» Exercise inputs
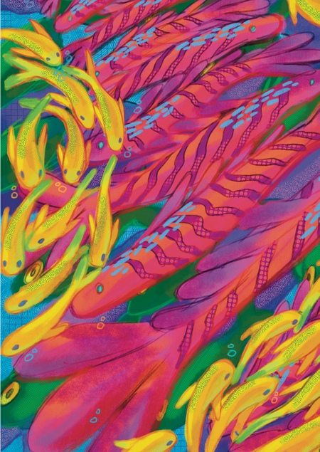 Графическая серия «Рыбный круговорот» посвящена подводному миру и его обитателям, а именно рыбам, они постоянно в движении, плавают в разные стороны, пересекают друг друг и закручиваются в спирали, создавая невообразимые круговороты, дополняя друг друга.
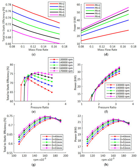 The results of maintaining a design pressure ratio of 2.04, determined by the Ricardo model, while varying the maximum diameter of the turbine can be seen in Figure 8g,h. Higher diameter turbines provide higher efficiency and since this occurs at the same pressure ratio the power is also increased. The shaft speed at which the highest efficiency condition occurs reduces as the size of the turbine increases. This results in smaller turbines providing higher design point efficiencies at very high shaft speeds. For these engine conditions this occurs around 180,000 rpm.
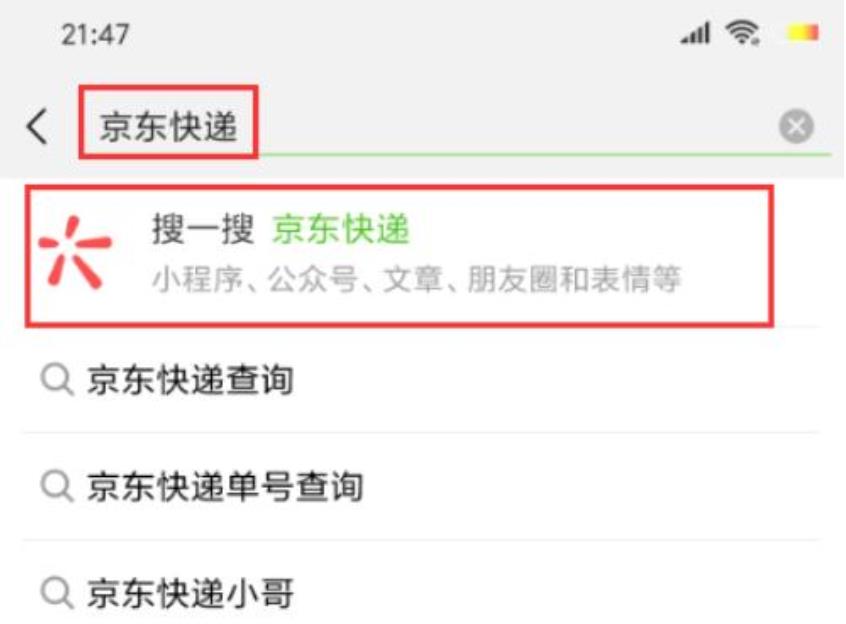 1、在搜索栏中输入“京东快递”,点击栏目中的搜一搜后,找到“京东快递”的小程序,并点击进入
---
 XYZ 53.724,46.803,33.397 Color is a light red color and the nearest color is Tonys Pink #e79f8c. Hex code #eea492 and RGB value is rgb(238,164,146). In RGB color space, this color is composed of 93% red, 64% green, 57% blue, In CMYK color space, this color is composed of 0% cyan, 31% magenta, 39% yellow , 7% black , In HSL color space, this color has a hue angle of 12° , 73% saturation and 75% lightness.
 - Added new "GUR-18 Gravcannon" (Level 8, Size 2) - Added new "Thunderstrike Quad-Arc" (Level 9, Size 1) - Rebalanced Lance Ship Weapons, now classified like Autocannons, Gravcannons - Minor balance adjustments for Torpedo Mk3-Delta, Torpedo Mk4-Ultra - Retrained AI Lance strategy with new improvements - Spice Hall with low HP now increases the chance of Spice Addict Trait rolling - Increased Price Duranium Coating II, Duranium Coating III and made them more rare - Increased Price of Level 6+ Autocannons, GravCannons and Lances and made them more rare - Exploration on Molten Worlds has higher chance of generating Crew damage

» Aim of the exercise
Look above for the line with "дополняя друг друга." and the line with "The results of". Give again exactly those two lines and all lines between them, pictures excluded.

» Exercise answer
 Графическая серия «Рыбный круговорот» посвящена подводному миру и его обитателям, а именно рыбам, они постоянно в движении, плавают в разные стороны, пересекают друг друг и закручиваются в спирали, создавая невообразимые круговороты, дополняя друг друга.
 The results of maintaining a design pressure ratio of 2.04, determined by the Ricardo model, while varying the maximum diameter of the turbine can be seen in Figure 8g,h. Higher diameter turbines provide higher efficiency and since this occurs at the same pressure ratio the power is also increased. The shaft speed at which the highest efficiency condition occurs reduces as the size of the turbine increases. This results in smaller turbines providing higher design point efficiencies at very high shaft speeds. For these engine conditions this occurs around 180,000 rpm.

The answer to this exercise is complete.